### Problem statement:
Return only the lines from the start of the records through the line that contains "Гарантия 1 год.", inclusive; leave out all pictures.

### Available data:
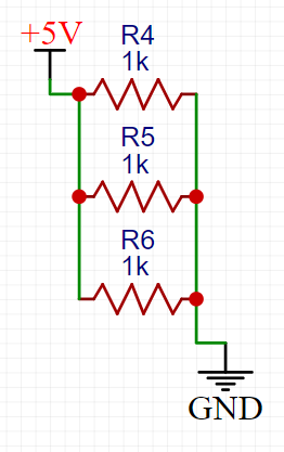 병렬로 연결된 저항은 곱/합으로 구할 수 있다. 즉, 위 회로에서 R4,R5,R6의 전체 저항은 R4*R5*R6 / R4+R5+R6 이다.
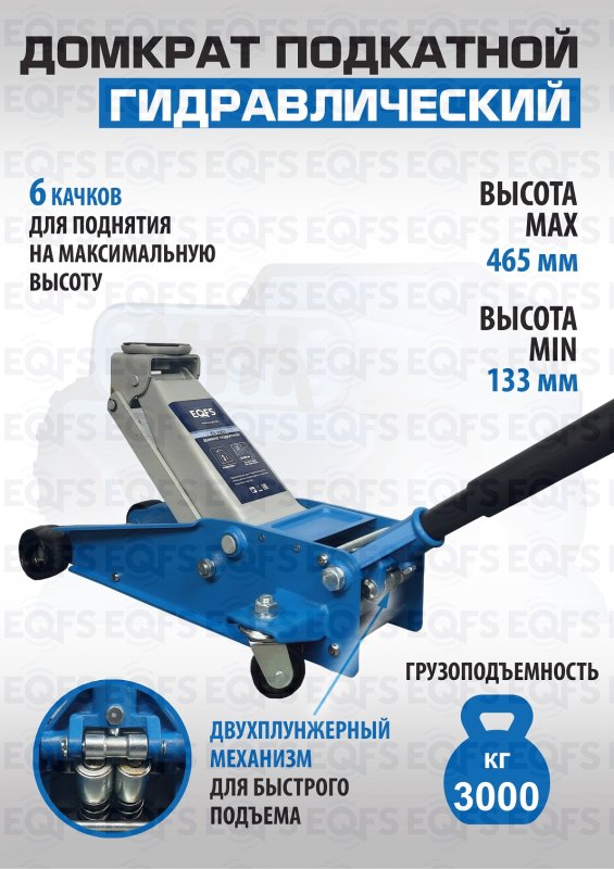 Гарантия 1 год. Профессиональный. Для интенсивной эксплуатации. 6 качков для поднятия на максимальную высоту. Двухштоковый механизм быстрого подъема. Подкатной. Имеет повышенную износостойкость. Поворотная ручка, лоток для хранения и резиновая накладка на чашку домкрата в комплекте. Грузоподъемность 3 тонны с усиленными ребрами жесткости. Высота подъема 133-465 мм. Вес: 31,5 кг.
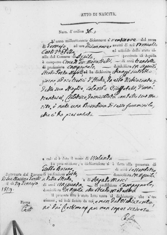 Massimilla Moscardelli was born in 1801 in Ofena, L'Aquila, Abruzzo, Italy. She and
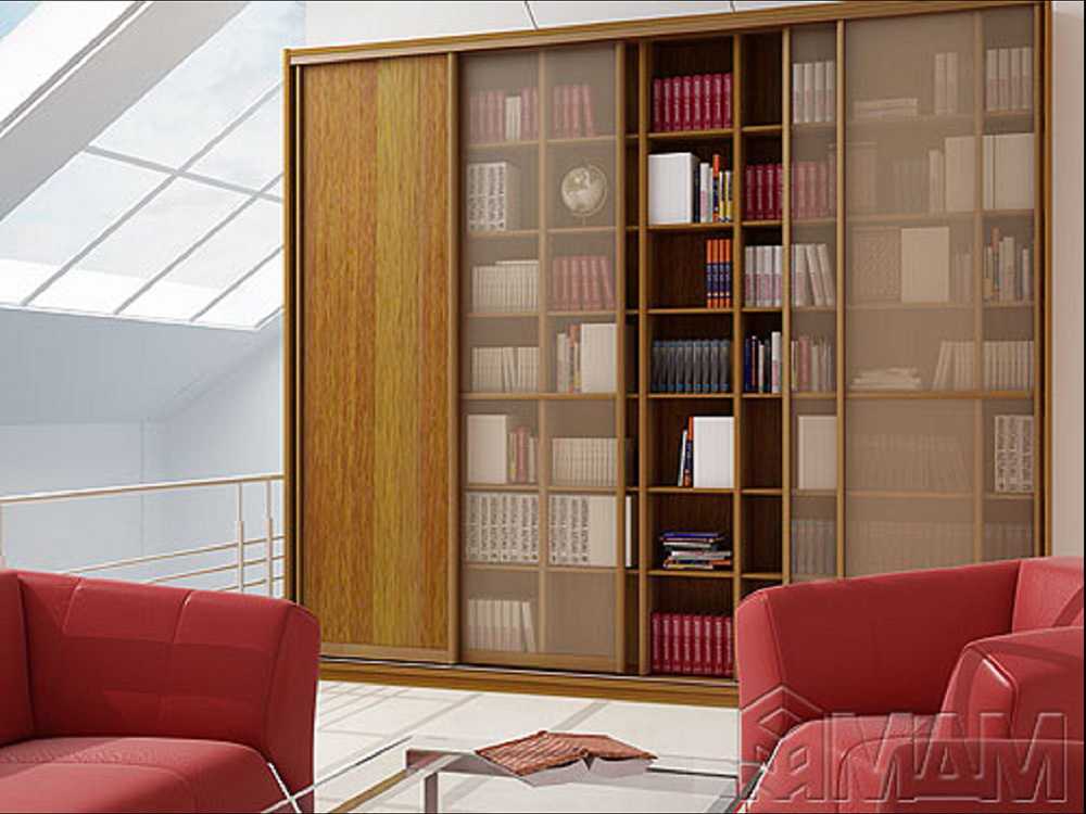- книжный шкаф купе представляет собой стеллаж, который спереди закрыт раздвижными дверями, как в купе. Он бывает либо встроенным, либо с задней стенкой. Такой купейный книжный шкаф закроет всё пространство от пола до потолка;
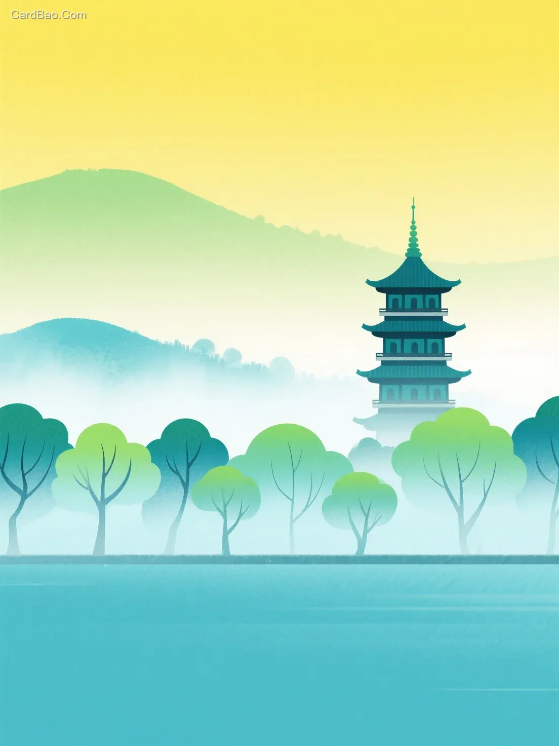 黄色,绿色,春天。复古风格,不同色阶,东山魁夷风格,雾气,意识流,意境,交错叠加,极简,朦胧,如梦似幻,艺术美学,高分辨率,晕染,中式审美,留白,极简主义。地标插画--杭州市1.画面主题:西湖地标插画 2.画面风格:渐变矢量风格,蓝色渐变背景 , 整体视觉清新、大气,立体风格

### Result of the exercise:
 병렬로 연결된 저항은 곱/합으로 구할 수 있다. 즉, 위 회로에서 R4,R5,R6의 전체 저항은 R4*R5*R6 / R4+R5+R6 이다.
 Гарантия 1 год. Профессиональный. Для интенсивной эксплуатации. 6 качков для поднятия на максимальную высоту. Двухштоковый механизм быстрого подъема. Подкатной. Имеет повышенную износостойкость. Поворотная ручка, лоток для хранения и резиновая накладка на чашку домкрата в комплекте. Грузоподъемность 3 тонны с усиленными ребрами жесткости. Высота подъема 133-465 мм. Вес: 31,5 кг.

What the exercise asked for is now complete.